Услужливые охранители отняли у Л. Н-ча самого нужного ему помощника. Правда, его заменяет с любовью дочь Л. Н-ча со своей помощницей, но они едва успевают угнаться за необычайно производительной литературной работой Льва Николаевича, переписывая ему черновики нескольких новых произведений его, которые он ведет параллельно; а огромная переписка дает еще большую работу по упаковке, копировке и регистрации ответов Л. Н-ча. Вся эта работа совершается радостно, любящими руками, но иногда чувствуется потребность в помощи лишнего человека. Вопрос о замене Гусева очень трудно разрешим. Близость такого человека Льву Николаевичу делает его почти членом семьи, а такие люди не делаются по заказу.

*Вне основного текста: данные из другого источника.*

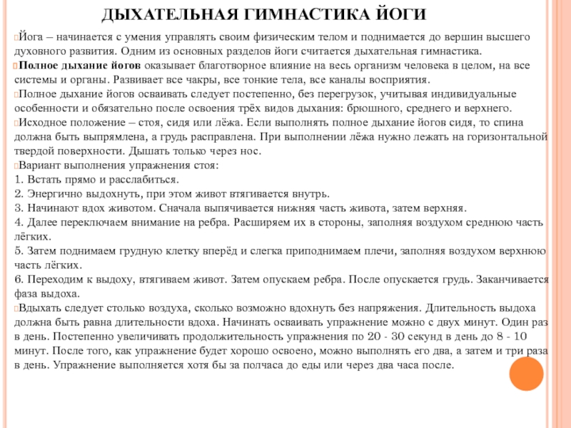 Слайд 4ДЫХАТЕЛЬНАЯ ГИМНАСТИКА ЙОГИ
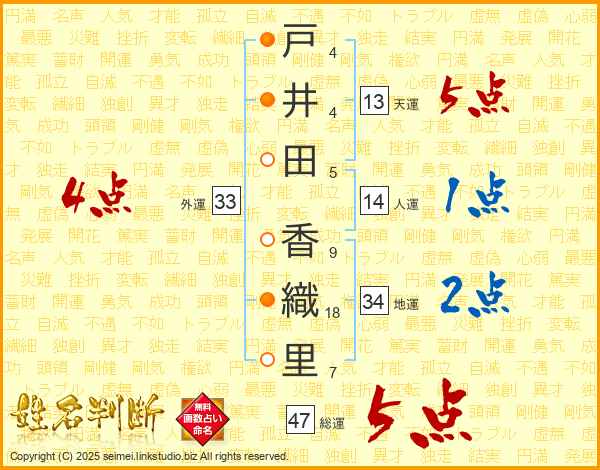 戸(4画)井(4画)田(5画) 香(9画)織(18画)里(7画)

Корреспонденция же, получаемая Л. Н-чем, не всегда приносит ему радость и удовлетворение. С каждой почтой половина, а иногда и больше, писем носят характер просительный. К Льву Николаевичу обращаются со всякого рода просьбами, иногда самого оригинального свойства. Много просьб о присылке денег, просьбы о прочтении рукописей начинающих авторов, просьбы о приискании мест, об определении на службу, о ходатайствах перед судом в гражданских, уголовных и политических процессах, просьбы о допущении кинематографических снимков и т. п. Просьбы часто совершенно физически неисполнимые. Но большая часть их пишется в трагическом, отчаянном тоне людей, прибегающих к единственному средству спасения, и потому не могут не волновать Л. Н-ча. Особенно тяжелы ему денежные просьбы - тяжелы тем недоверием, нежеланием понять его, которое выражается в них.
- Странные люди,- говорил мне с горечью Л. Н.,- ведь я уже много раз заявлял и устно, и письменно, и печатно, что у меня нет денег и я не могу помогать деньгами, а они все не унимаются. Ведь если я обманываю, то к такому обманщику нечего и обращаться за помощью. А если я не обманываю, то еще меньше повода обращаться ко мне.
Несколько раз Л. Н. порывался снова напечатать в газетах подобное заявление. Но это тяжело ему делать, и, быть может, моя заметка избавит его от этого.
Другого характера письма, хотя и заставляющие волноваться и страдать Л. Н-ча, но часто вызывают его на ответ.
Это - большой отдел писем, указывающий на душевный разгром так называемых интеллигентных людей нашего времени.
Современные течения мысли за последние 20-30 лет жизни русского общества загромоздили души людей сложными теориями, несбыточными надеждами, воздушными замками и всякого рода самонадеянными иллюзиями, и все это, как карточные домики, разрушилось при первом дуновении жизни. И на их месте осталась такая ужасная пустыня неудовлетворенности, раскаяния в растрате сил и сознания бесцельности существования, что вопли о помощи все чаще и чаще слышатся от раненых, лежащих на этом поле жизненной битвы.